A strong password should contain a long string of random letters and numbers, including symbols and a mix of capital and non-caps letters. Of course, remembering even one such password is next to impossible for us mere mortals, let alone one for each and every important account, so this is where password managers come in.
Password managers randomly generate secure passwords, remember them for you, and integrate with your OS and/or browser to make using them as easy and seamless to use as possible. Although perhaps a little rougher around the edges than commercial offerings such as LastPass and 1Password, we recommend KeePass for iOS and KeePassX for OSX (both fully compatible iterations of the excellent KeePass) because they are free and open source.

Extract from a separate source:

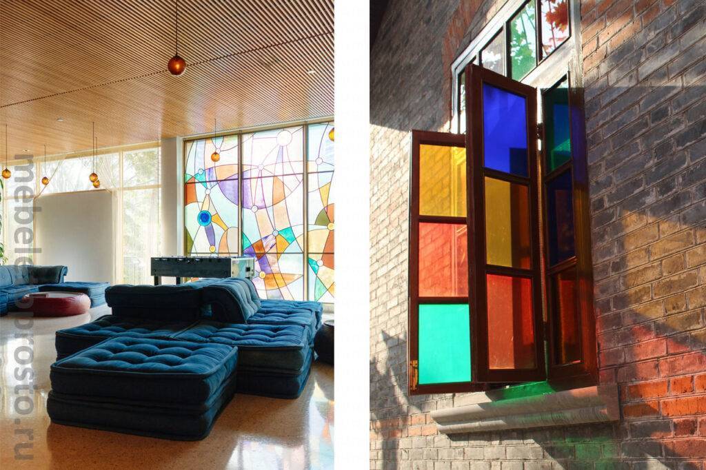 Окно с витражами в виде сплошного светового пояса иллюзорно увеличивает высоту помещения
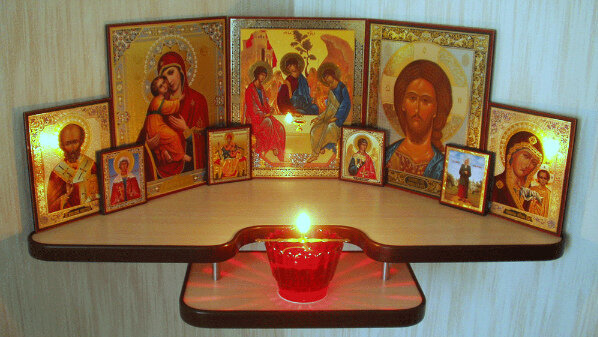 Выбрать иконы, чтобы создать домашний иконостас, достаточно трудно. Здесь нет общего для всех случаев совета, выбор индивидуален. Верующий человек, должен прислушаться к голосу своего сердца и сделать выбор, к какому святому он ежедневно будет обращаться с молитвой. Главными являются образы Богородицы и Христа. Существует много вариантов изображения Христа, но для дома обычно выбирается образ Господа Вседержателя. Из изображений Богородицы отдается предпочтение: Владимирской, Жировицкой, Почаевской, Ярославской, Одигитрии, Казанской, Тихвинской. Особого регламента размещения икон нет. По традиции в доме отводили место, которое именовали «божница» или «красный угол». Обычно выбирают восточную сторону, но если интерьер не позволяет, можно разместить в любом месте. Иконы ставятся на отдельную полку или вешаются на стену. Основное условие, чтобы перед ними было свободно и человек смог прочитать молитву. Церковь приветствует наличие Святого лика в каждой комнате. Хорошо, если икона висит на

Use two-factor authentication
Two factor (or step) authentication (2FA) secures an account by requiring that anyone accessing it needs not just a password and username, but a code sent to their phone, combining ‘something you know’ i.e. your username / password, with ‘something you have’ i.e. your phone.
Instructions for turning on 2FA for iCloud are available here, but this feature is also available for similar services such as Dropbox, Google (including Drive) and Microsoft (SkyDrive). A more complete list of services which offer 2FA is available here.
Turn off photo auto-upload
In common with most major cloud storage services, iCloud offers a feature known as Photo Stream, which automatically backs up photos taken on an iPhone or iPad, and uploads them the cloud. This is widely regarded a security weak point (although iCloud does use at least 128-bit AES encryption), and it may be a good idea to turn any such feature off, no matter how useful it is.
Conclusion
It is likely that the celebrities’ accounts were hacked through poor security at the user-end, rather than through a fundamental flaw in technology, and following the simple steps outlined above you can vastly improve the chances of a similar thing never happening to you.